The players would therefore have been the nascent Italian-French group and then the sole German shipowner Meyer Werft. This is why the EU Commissioner for Competition, the Danish Margrethe Vestager, has repeatedly asked Fincantieri for further documentation to avoid the risk of duopoly: the verdict was initially expected even in 2019, then it dragged on until the deadline of last December 31, extended by a further month which however - barring surprises - was not enough to settle the matter. This question is in fact already closed, also for the political reasons that immediately accompanied the operation.
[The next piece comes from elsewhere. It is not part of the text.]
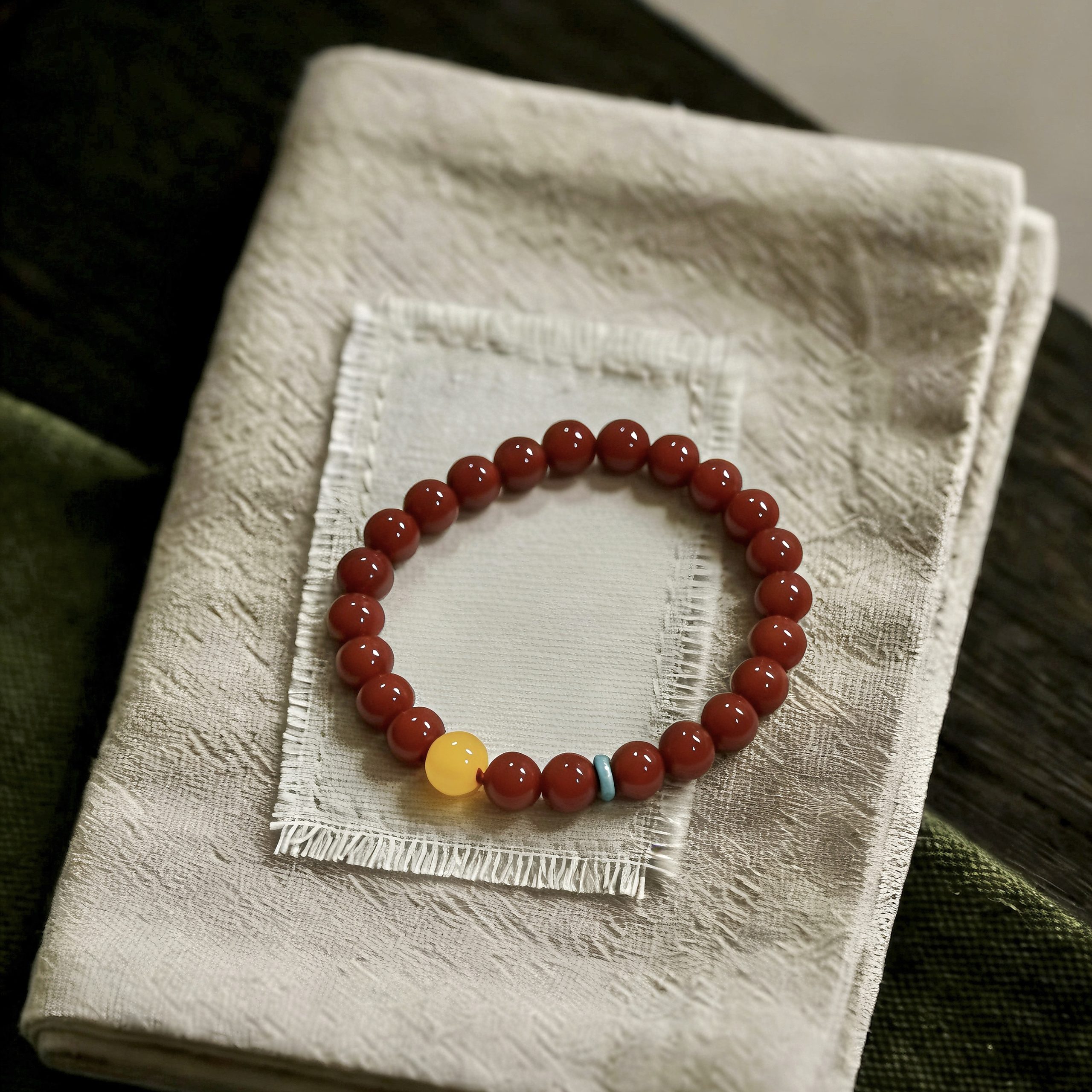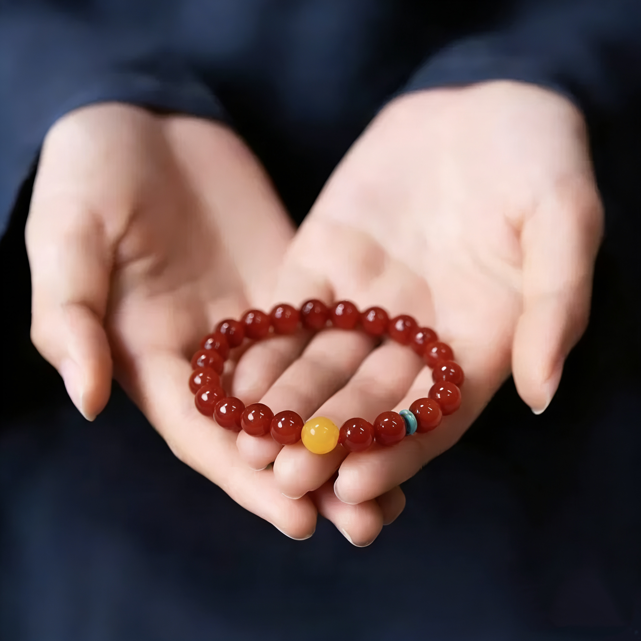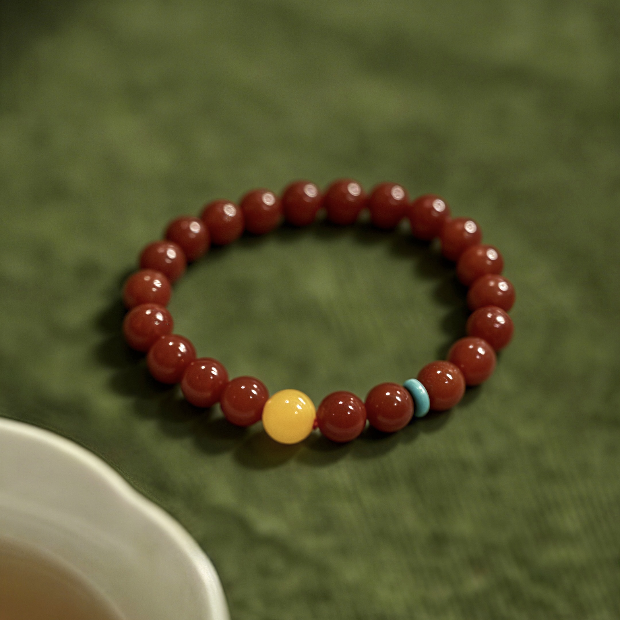 Crafted from 100% natural southern red agate, topaz agate, and turquoise, this [Luoxia] bracelet is steeped in profound cultural symbolism.Topaz Agate: Revered as the “imperial hue” intraditional Chinese culture, it symbolizes nobility and prosperity, infusing the wearer with vitality and joy.Southern Red Agate: A rare red agate exclusive to China, it is a timeless emblem of good fortune, happiness, and peace.Turquoise: A cherished treasure of ancient Chinese royals and nobles, it represents protection and inner strength.

France, even under the "European" presidency of Emmanuel Macron, has confirmed that it is a country that prefers not to give up its national champions, even more so if - as happens regularly - it is the state that holds control, often with very large stakes. high as in the case of Saint Nazaire.

The agreement with "les italiens" had been found with difficulty, but only recently the French Economy Minister, Bruno Le Maire, he was keen to reiterate that Paris "does not want to cede control of the large national groups, but is willing to welcome foreign investors". A bit like he would have liked to do with Fincantieri: the merger was good, but with a still massive presence of the French state in the capital, and the retention of the entire workforce (the employees of Chantiers de l'Atlantique own 2,4% of capital). Even the Senate Economic Affairs Committee turned up its nose, repeatedly underlining the risks for "industrial sovereignty" and the fear of seeing technological know-how lost, since in the meantime the promised partner from Trieste had also become a partner of the Chinese China State Shipbuilding Corporation (CSSC). In the quoted speech, the minister referred to another recent case, which gives an idea of ​​the transalpine modus operandi.

A few weeks ago the giant of large-scale distribution Carrefour was about to end up in the hands of the Canadian group Couche-Tard: operation immediately blocked by the French government, among other things with the approval of all political parties, including the opposition. To such an extent that while Macron spoke of a "forced choice" and many saw in this move the admirable desire to defend the work of supermarket employees, among the "heroes" of Covid, an authoritative newspaper such as Le Monde questioned the excessively protectionist image that France is giving of itself. On the Italian side (the State holds 71% of Fincantieri through CDP), in this moment of political crisis and with a Recovery Plan on the high seas, there is little will to keep the point and go to confrontation with French colleagues and/or with Brussels. For all these reasons, he will miss the conquest of the Loire shipyards.